What does the NHS Knowledge Service make of this study?

This was a relatively large and well-conducted cohort study, however, there are some limitations to bear in mind when it comes to interpretation:

  • As with all cohort studies, there may be confounding factors, which are responsible for the results seen, rather than the specific factors investigated. Authors of this study have taken into account some of the potential confounding factors, but it is impossible to eliminate them all.
  • Participants were asked about their food consumption when they enrolled. Their answers may not have been representative of their lifetime consumption of these foods, or of their consumption during the follow-up period.
  • Even though the overall numbers of people in this study was high, the numbers of people in some of the groups compared would have been relatively low.
  • This study conducted multiple analyses, and this increases the possibility of finding a statistically significant result by chance. Some of the results, for example, the association between fish consumption or omega-6 consumption and dementia, were only significant when results were analysed in a particular way, with specific adjustments to the results and only in people without a genetic predisposition to Alzheimer’s. This reduces the confidence that these results are robust.
  • It is worth bearing in mind that the absolute risk of developing dementia in this study was relatively low.
  • Diagnoses of Alzheimer’s disease can only be confirmed after death on autopsy. No one in this study had died and been autopsied, therefore the results may be affected if people were misdiagnosed.

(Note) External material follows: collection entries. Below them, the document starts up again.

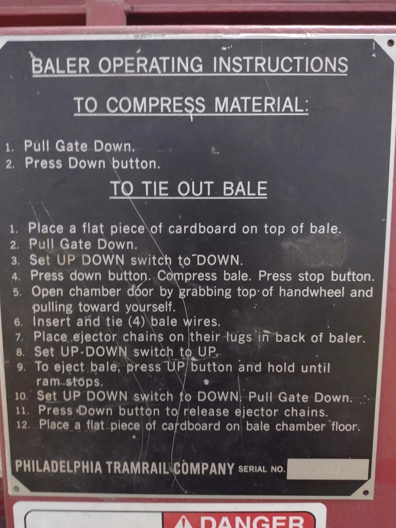 30" x 60" PTR PHILADEPHIA TRAMRAIL MODEL #2300HD VERTICAL HYRAULIC CARDBOARD BALER COMPACTOR: ST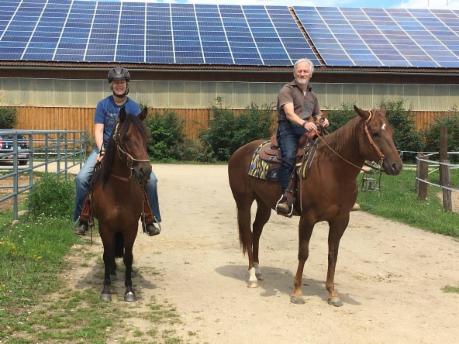 ...so was wollte er doch schon lange mal reiten...Sabine und ich ritten abwechselnd auf einem Pintowallach (Apache), der zugegebener Maßen schon etwas sehr faul war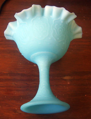 FENTON BLUE MILK GLASS CANDY DISH 7"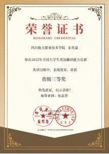 宋英嘉,男,2002.02.15,汉族,中共预备党员,十大网投平台排名计算机科学系动漫制作技术专业学生。2021-2022学年度成绩年级排名位于专业第一名,综合考评排名位于年级第一名。在校担任系学生会执行主席、团总支副书记等,参加计算机二级考试并获得证书,被授予系学生会“优秀学生干事”、系学生会“优秀学生干部”、“优秀助理辅导员”、校级“优秀团干部”、校级“优秀学生干部”、校级“三好学生”等荣誉称号,在2020-2021学年度获得“国家励志奖学金”,“航天奖学金”,参与四川省大学生综合素质A级证书评定,成功获得综合素质A级证书,参加“第九届四川省大学生数字艺术设计大赛”并获得二等奖,参加“2022年全国大学生双碳战略科普知识竞赛”并获得初赛三等奖,参加“2022年第五届大学生计算机技能应用大赛”并获得初赛专科组三等奖,参加“2022年全国大学生英语翻译能力竞赛”并获得省级三等奖,院“2020新生军训”获得优秀学员。
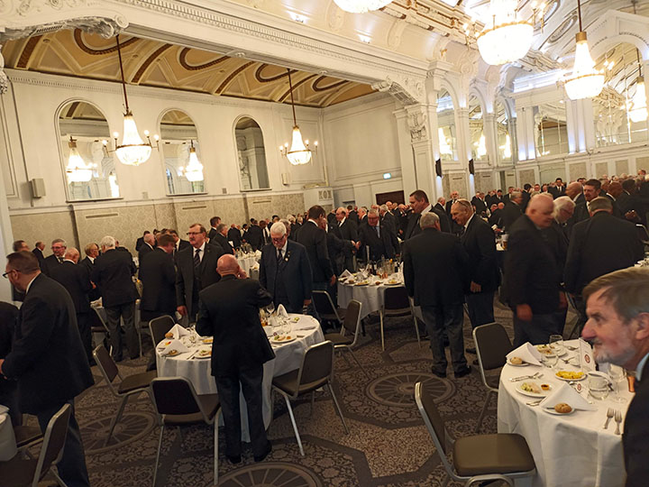 Suitably “fed & watered” it was time to enter Grand Conclave where the air was thick with tradition, reverence and an unspoken solemnity as brethren prepared themselves for the investiture ceremony.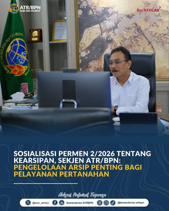 Sebagai informasi, sosialisasi terkait kearsipan akan dilakukan secara rutin hingga akhir Oktober 2026. Kegiatan kali ini diikuti secara daring oleh satuan kerja Kementerian ATR/BPN, baik di Kantor Wilayah BPN Provinsi maupun Kantor Pertanahan Kabupaten/Kota seluruh Indonesia. (AR/JM)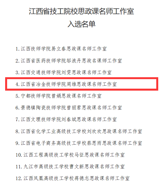 日前,江西省人力资源和社会保障厅公示《江西省技工院校思政课名师工作室入选名单》,江西冶金职院思政部“周维思政课名师工作室”成功入选。

The message that people should eat more fish, fruit and vegetables is one that has been promoted strongly in recent years, because it is associated with a number of benefits. Although this study may not conclusively prove that doing so will reduce your chances of developing dementia, there are still many reasons to choose this type of diet.  

Sir Muir Gray adds...

Alzheimer’s is one of the diseases I fear most, but I won’t change my diet based on this study.